Predictive Analytics with Python & XGBoost
A full ML pipeline to predict hourly electricity demand across the PJM East region — helping operators anticipate overloads, optimize generation, and balance supply with demand.
Starting from raw hourly energy data, this pipeline builds progressively more accurate forecasts: first learning daily and seasonal cycles, then layering in year-over-year lag signals, and finally generating a full 12-month forward forecast. Every step is validated with time-aware cross-validation so no future information leaks into training.
Six stages, each building on the last. Click any step to see the logic and code.
The raw PJME data revealed a clear two-band pattern: consumption oscillating between a 20–40 GW lower band and a 40–60 GW upper band, repeating reliably year after year. A one-week zoom confirmed daily peaks (35–44 GW) and overnight valleys (27–33 GW), with weekday vs weekend differences visible.
Standard random cross-validation leaks future data into training. TimeSeriesSplit creates 5 walk-forward folds — each trains on all past data and tests on one unseen future year. A 24-hour gap prevents the model learning from data immediately adjacent to the test boundary.

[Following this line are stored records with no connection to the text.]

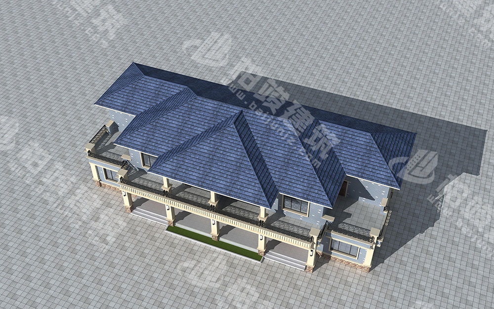 屋顶造型:墨蓝色沥青瓦铺设多立面坡形屋顶,自带粗粝纹路感,清新质朴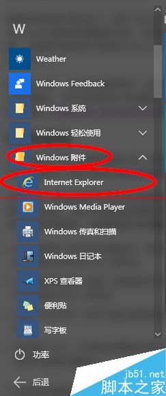 2、在所有應用列表中選擇“windows附件”,IE瀏覽器就在這個列表中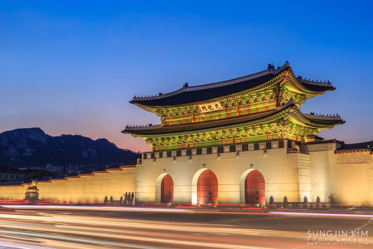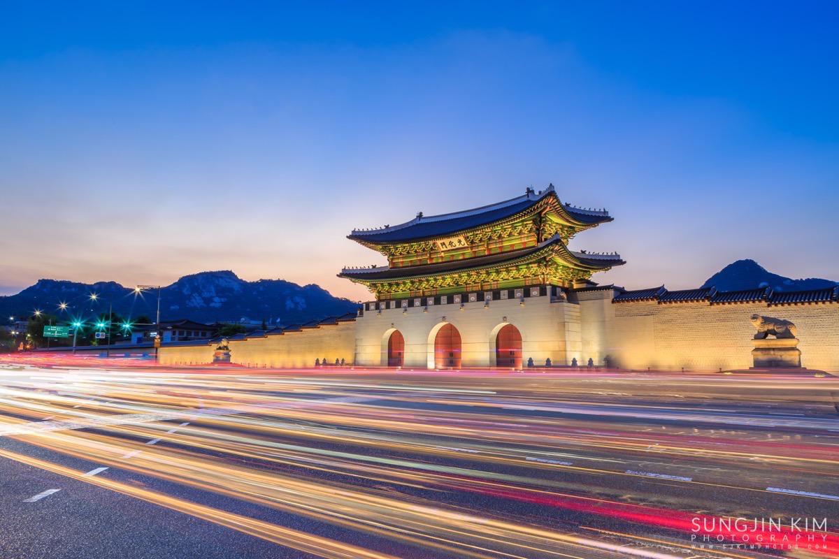 해가 지기 시작하고 나서 잠시 기다리다 보면 금새 광화문의 조명이 들어오기 시작하는데, 이 때부터 대략 30분 정도 동안이 광화문의 가장 아름다운 순간인 것 같다. 광화문 앞을 지나는 차량불빛의 궤적이 광화문을 더 돋보이게 하는 것 같다.

XGBoost can't interpret datetime strings — it needs numbers. This step decomposes each timestamp into 8 numerical signals encoding time-of-day, day-of-week, and seasonal context. Boxplots confirmed the patterns: consumption peaks around 6 PM daily and spikes in winter and summer months.
XGBoost handles engineered temporal features efficiently and surfaces feature importances natively. Depth-3 trees keep individual learners simple; 1,000 estimators with 50-round early stopping automatically finds the optimal ensemble size and prevents overfitting.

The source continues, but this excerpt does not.